_Data excerpts:_
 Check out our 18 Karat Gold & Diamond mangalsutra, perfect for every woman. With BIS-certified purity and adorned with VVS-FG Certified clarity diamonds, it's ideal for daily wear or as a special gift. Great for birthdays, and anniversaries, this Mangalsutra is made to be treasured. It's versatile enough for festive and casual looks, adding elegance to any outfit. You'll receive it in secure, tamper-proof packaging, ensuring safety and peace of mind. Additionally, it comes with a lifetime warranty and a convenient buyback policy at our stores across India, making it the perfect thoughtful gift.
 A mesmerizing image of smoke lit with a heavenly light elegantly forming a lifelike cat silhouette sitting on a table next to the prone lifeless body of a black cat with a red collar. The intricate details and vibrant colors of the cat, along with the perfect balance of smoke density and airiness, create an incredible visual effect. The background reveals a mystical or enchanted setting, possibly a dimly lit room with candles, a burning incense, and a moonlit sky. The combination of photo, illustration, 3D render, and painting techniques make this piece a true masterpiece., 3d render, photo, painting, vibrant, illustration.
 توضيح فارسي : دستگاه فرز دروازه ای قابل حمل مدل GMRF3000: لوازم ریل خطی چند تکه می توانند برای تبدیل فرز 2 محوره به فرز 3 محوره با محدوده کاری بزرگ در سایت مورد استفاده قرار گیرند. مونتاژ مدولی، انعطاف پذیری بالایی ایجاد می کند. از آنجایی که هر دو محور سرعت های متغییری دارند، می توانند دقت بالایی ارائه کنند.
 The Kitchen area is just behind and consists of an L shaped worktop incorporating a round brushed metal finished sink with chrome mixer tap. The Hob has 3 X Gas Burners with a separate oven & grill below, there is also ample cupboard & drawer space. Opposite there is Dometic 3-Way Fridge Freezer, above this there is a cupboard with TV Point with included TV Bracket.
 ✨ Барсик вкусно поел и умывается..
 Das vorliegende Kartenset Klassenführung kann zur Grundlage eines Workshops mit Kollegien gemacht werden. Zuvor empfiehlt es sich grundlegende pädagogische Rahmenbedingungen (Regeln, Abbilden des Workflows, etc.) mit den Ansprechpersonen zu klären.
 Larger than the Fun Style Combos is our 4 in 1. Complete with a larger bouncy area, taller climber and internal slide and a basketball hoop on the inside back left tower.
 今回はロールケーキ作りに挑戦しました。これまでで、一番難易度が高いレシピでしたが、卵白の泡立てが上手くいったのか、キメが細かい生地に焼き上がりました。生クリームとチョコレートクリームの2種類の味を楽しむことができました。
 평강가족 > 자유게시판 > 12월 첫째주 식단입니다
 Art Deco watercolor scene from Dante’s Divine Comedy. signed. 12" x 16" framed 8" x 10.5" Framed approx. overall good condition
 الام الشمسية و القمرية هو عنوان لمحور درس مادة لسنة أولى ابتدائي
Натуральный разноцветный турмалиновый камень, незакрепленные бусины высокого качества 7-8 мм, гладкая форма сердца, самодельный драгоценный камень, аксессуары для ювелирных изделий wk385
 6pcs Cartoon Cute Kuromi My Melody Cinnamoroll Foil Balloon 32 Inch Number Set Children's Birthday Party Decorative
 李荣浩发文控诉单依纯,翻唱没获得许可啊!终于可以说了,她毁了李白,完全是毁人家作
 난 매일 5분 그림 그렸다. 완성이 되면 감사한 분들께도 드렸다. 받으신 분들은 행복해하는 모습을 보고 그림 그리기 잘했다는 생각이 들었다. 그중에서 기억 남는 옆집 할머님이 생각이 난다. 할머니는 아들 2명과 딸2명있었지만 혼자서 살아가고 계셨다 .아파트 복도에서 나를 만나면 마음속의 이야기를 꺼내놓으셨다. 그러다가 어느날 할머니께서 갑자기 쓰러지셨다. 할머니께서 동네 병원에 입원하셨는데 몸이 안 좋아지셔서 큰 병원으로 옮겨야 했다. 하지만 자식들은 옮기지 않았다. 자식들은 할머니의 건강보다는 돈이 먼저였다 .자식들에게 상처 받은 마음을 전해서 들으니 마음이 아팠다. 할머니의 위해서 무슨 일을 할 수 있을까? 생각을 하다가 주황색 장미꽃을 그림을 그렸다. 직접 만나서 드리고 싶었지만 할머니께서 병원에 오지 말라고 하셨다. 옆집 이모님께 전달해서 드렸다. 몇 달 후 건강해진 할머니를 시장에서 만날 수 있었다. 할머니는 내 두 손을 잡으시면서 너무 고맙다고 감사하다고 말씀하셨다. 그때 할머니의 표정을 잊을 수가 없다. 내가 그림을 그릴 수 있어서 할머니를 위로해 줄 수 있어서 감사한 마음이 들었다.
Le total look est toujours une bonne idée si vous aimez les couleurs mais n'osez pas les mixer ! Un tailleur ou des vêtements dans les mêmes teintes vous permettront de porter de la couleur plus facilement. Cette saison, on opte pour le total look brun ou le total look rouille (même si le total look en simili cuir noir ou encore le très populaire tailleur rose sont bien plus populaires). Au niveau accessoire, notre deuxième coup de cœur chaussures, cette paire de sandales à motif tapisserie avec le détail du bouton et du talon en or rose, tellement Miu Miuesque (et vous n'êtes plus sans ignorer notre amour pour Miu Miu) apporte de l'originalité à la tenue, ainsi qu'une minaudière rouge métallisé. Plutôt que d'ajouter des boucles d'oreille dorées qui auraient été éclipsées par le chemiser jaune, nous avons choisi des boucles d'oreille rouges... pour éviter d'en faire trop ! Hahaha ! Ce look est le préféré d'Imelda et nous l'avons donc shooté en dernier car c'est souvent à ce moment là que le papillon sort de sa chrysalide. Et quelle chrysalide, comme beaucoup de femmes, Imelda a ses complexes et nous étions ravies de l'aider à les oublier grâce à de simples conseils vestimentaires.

_What you should do:_ There is a run of lines above from the one with "Art Deco watercolor" to the one with "난 매일 5분 그림 그렸다."; print exactly that run, both ends included, and nothing else.

_Exercise solution:_
 Art Deco watercolor scene from Dante’s Divine Comedy. signed. 12" x 16" framed 8" x 10.5" Framed approx. overall good condition
 الام الشمسية و القمرية هو عنوان لمحور درس مادة لسنة أولى ابتدائي
Натуральный разноцветный турмалиновый камень, незакрепленные бусины высокого качества 7-8 мм, гладкая форма сердца, самодельный драгоценный камень, аксессуары для ювелирных изделий wk385
 6pcs Cartoon Cute Kuromi My Melody Cinnamoroll Foil Balloon 32 Inch Number Set Children's Birthday Party Decorative
 李荣浩发文控诉单依纯,翻唱没获得许可啊!终于可以说了,她毁了李白,完全是毁人家作
 난 매일 5분 그림 그렸다. 완성이 되면 감사한 분들께도 드렸다. 받으신 분들은 행복해하는 모습을 보고 그림 그리기 잘했다는 생각이 들었다. 그중에서 기억 남는 옆집 할머님이 생각이 난다. 할머니는 아들 2명과 딸2명있었지만 혼자서 살아가고 계셨다 .아파트 복도에서 나를 만나면 마음속의 이야기를 꺼내놓으셨다. 그러다가 어느날 할머니께서 갑자기 쓰러지셨다. 할머니께서 동네 병원에 입원하셨는데 몸이 안 좋아지셔서 큰 병원으로 옮겨야 했다. 하지만 자식들은 옮기지 않았다. 자식들은 할머니의 건강보다는 돈이 먼저였다 .자식들에게 상처 받은 마음을 전해서 들으니 마음이 아팠다. 할머니의 위해서 무슨 일을 할 수 있을까? 생각을 하다가 주황색 장미꽃을 그림을 그렸다. 직접 만나서 드리고 싶었지만 할머니께서 병원에 오지 말라고 하셨다. 옆집 이모님께 전달해서 드렸다. 몇 달 후 건강해진 할머니를 시장에서 만날 수 있었다. 할머니는 내 두 손을 잡으시면서 너무 고맙다고 감사하다고 말씀하셨다. 그때 할머니의 표정을 잊을 수가 없다. 내가 그림을 그릴 수 있어서 할머니를 위로해 줄 수 있어서 감사한 마음이 들었다.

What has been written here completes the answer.